The goal here is to open up for debate the most commonly repeated pieces of advice in the industry.  I can guarantee you that every single part of my programs can and should be fixed and improved, just as I can guarantee you that every part of your program is the same.

That is the best news possible as it means that every day and every action is a chance to learn something new and to grant better information of the world around us.  The only way to accomplish that however is to let go of so many past beliefs and to purposely challenge everything you hold dear.  Just like the act of testing, if you aren’t challenging what you hold true how can you expect others to follow suit?

Occom’s Razor should tell you that the more people are talking about a practice the less likely it is to be valuable and the more likely it is to be efficient.  Skipping game theory, basic human nature tells us we gravitate towards that which already meets our own thoughts and patterns and look for confirmation instead of conflict with prior beliefs.  Fight that urge and your program and efforts can have magnitudes greater outcomes.

“Whenever you find yourself on the side of the majority, it is time to pause and reflect.” – Mark Twain

Join the Conversation Add Your Comment

  1. Hey Andrew, no doubt about there existing lot of misinformation and downright quackery in this business. Based on the premise of this article and what I picked up from it, I want to agree with you.

    However, I’m having a difficult time following your points and figuring out exactly what you’re saying. As just one example of several, I can’t make sense of this line: “In reality the actual concept of a hypothesis is not positive or negative, but the way that people hold onto them as a way to validate their actions is destructive.”

    I think some real-world examples and/or illustrations would have really helped get your point(s) across.

    1. Grigoriy,
      Think about it this way, a hypothesis is just a statement that you believe that there is a specific cause and effect for a certain action. It doesn’t mean there is that cause and effect, it doesn’t mean that even if that effect happens it happened because of the specific reason you believed it would.
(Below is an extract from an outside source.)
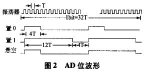 PT2262编码器采用DIP18封装,OSC(振荡器)端外接一个振荡电阻,DOUT为输出端,输出地址码及数据码(由不同的脉宽组成的脉冲串),一般经射频电路以RF方式由天线发射出去。PT2262引脚A0-A7地址码是三态的,可置“0”或“1”或“悬空”。相应输出的信号是两个不同宽度的脉冲,称为AD位(见图2),可编成多种不同的地址码(不易重码或破译)。编码位结构是编码信号的基本组成部分,它就是一个编码字,一个编码位有12个AD位(地址在前数据在后)和后面的SYNC位(带有1/8位波长的4位波长的波)组成,一个码周期有4个连续的编码字。一旦PT2262检测到TE端置“0”,DOUT引脚就有编码信号输出。振荡器的工作频率取决于外接电阻的阻值。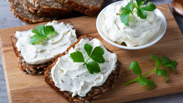 For one thing, you can easily shake up your morning routine by incorporating unexpected ingredients into your breakfast staples — like, say, trying a new cheese on your go-to bacon, egg, and cheese. If you're looking for a fresh take on the classic sandwich, we suggest swapping out your regular cheese slices and opting for a spread of ricotta instead. If you love the ooey-gooey texture of melted cheddar or American cheese, a bite of warm ricotta paired with scrambled eggs or a runny sunny-side-up should more than satisfy your cravings. It may have a lighter fat footprint, but ricotta provides all the cheesy richness you're looking for in a breakfast sandwich with the added bonus of creamy comfort.

In fact, your belief in that statement in no way has a bearing on the real world situation, it is simply a statement you make about a belief you have. In that way a hypothesis is just a thing, it has no positive or negative connotation and it certainly has no power over what will actually happen.

      What does have power over what can be observed and even more so over what people will take away from what is observed is the act of putting too much faith in that belief and by not allowing for an outcome outside of your own specific and limited world view. When it becomes the filter by which you judge your own actions, then it can be incredibly dangerous.

      Real world example. Me saying “I can fly” is just a meaningless statement right up until the moment that I jump off the side of the building…

    2. Fair – but so what do you call your treatments instead? Assumptions of what might work better? Alternatives?

      You ARE testing stuff that you think will perform better, not worse. So isn’t that a hypothesis no matter what?

    3. While I try to get as many inputs from others from what they think will perform better, I try my best to make sure that is not what determines what gets into a test. The goal is to have the highest quality and highest beta of options. I try to ensure that there is a large enough range and that things are included that challenge the where everyone else or the current site goes. I include those not because I think they will win, but because I know my opinion, like everyone else’s, has no bearing on the actual outcome.

      It is shocking the number of times that the option that was added specifically for this reason will win.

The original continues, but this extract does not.